- Traditional Chinese: 華山派
- Simplified Chinese: 华山派

Standard Mandarin
- Hanyu Pinyin: Huàshān Pài

Yue: Cantonese
- Jyutping: Waa^{4}-saan^{1} Paai^{3}

= Mount Hua Sect =

Fictional martial arts sect

}

The Mount Hua Sect or Mount Hua School, also known as the Huashan Sect or Huashan School, is a fictional martial arts sect mentioned in several works of wuxia fiction. It is commonly named as one of the leading "orthodox" sects in the wulin (martial artists' community). It is named after Mount Hua, where it is based. The sect appears in three of Jin Yong's novels.

There is a real-life Mount Hua Sect which has hardly any association with martial arts. (Note: Only the Taoist sage Chen Tuan, who founded the Liuhebafa, is known to have attended the Huashan Taoist Monastery on Mount Hua. Otherwise, Mount Hua is not considered a development ground for Chinese martial arts.) It was founded during the Song dynasty by Hao Datong of the Quanzhen School of Taoism; Hao Datong also appears as a minor character in Jin Yong's Condor Trilogy. In Jin Yong's novels, these two sects are unrelated.

== History ==
In The Heaven Sword and Dragon Saber, set in the 14th century during the Yuan dynasty, the Mount Hua Sect is one of the six leading "orthodox" martial arts sects in the wulin. Its leader is Xianyu Tong.

In The Smiling, Proud Wanderer, Yue Buqun is the sect's 13th-generation leader. The Mount Hua Sect is also a member of the Five Mountain Sword Sects Alliance, an alliance formed by five "orthodox" martial arts sects specialising in swordsmanship and each based on one of the Five Great Mountains. The novel's protagonist, Linghu Chong, is Yue Buqun's first apprentice. In the novel, the Mount Hua Sect is second to only the Shaolin Sect, Wudang Sect, and Sun Moon Holy Cult.
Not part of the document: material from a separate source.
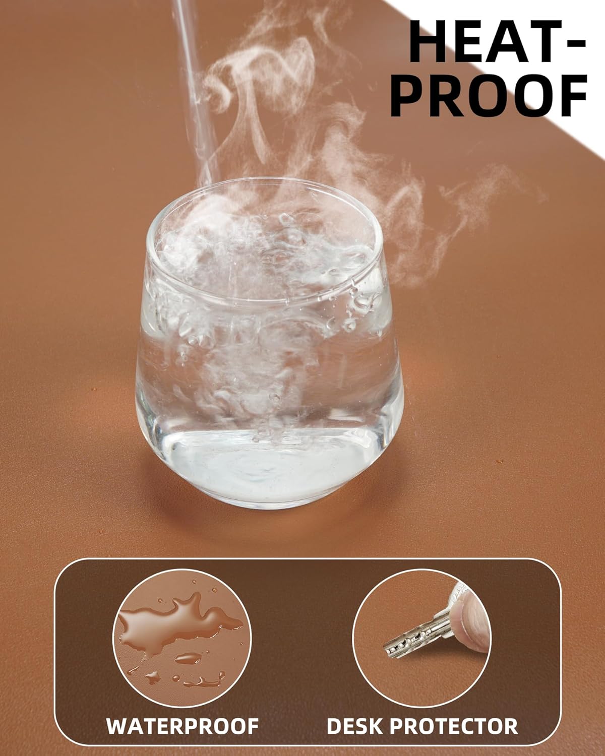 Leather Mouse Pad & Desk Blotter Mat - Non-Slip PU Laptop Desk Pad, Waterproof Writing Pad for Office & Home (Brown, 36" x 17")

In Sword Stained with Royal Blood, set in the 17th century towards the end of the Ming dynasty, the protagonist, Yuan Chengzhi, is a member of the Mount Hua Sect. He was trained by Mu Renqing, the sect's leader and the most powerful swordsman in the wulin at the time. The Mount Hua Sect is also one of the top four martial arts sects specialising in swordsmanship, alongside Emei, Kunlun and Diancang.

== Skills and martial arts ==
In The Smiling, Proud Wanderer, the Mount Hua Sect's martial arts are mainly about swordsmanship and neigong cultivation. The sect is split into the Sword and Qi factions, which focus on swordsmanship and neigong respectively. The division is caused by an internal conflict arising from a dispute over the Sunflower Manual by the factions' leaders. The Qi faction defeated and forced the Sword faction into exile. Since then, the Qi faction, headed by Yue Buqun, has been focusing more on neigong cultivation skills and other forms of martial arts, and reducing focus on swordsmanship, for which the Mount Hua Sect is better known in the wulin. The protagonist, Linghu Chong, becomes famous after he learns the Nine Swords of Dugu from Feng Qingyang, an elderly swordsman from the Sword faction.

In Sword Stained with Royal Blood, the sect's leader Mu Renqing is highly revered in the wulin for his prowess in martial arts, including swordsmanship. The protagonist Yuan Chengzhi was trained by Mu Renqing in swordsmanship and becomes a famous swordsman in his own right, while Mu Renqing's two other apprentices, Huang Zhen and Gui Xinshu, are known for specialising in unarmed forms of combat.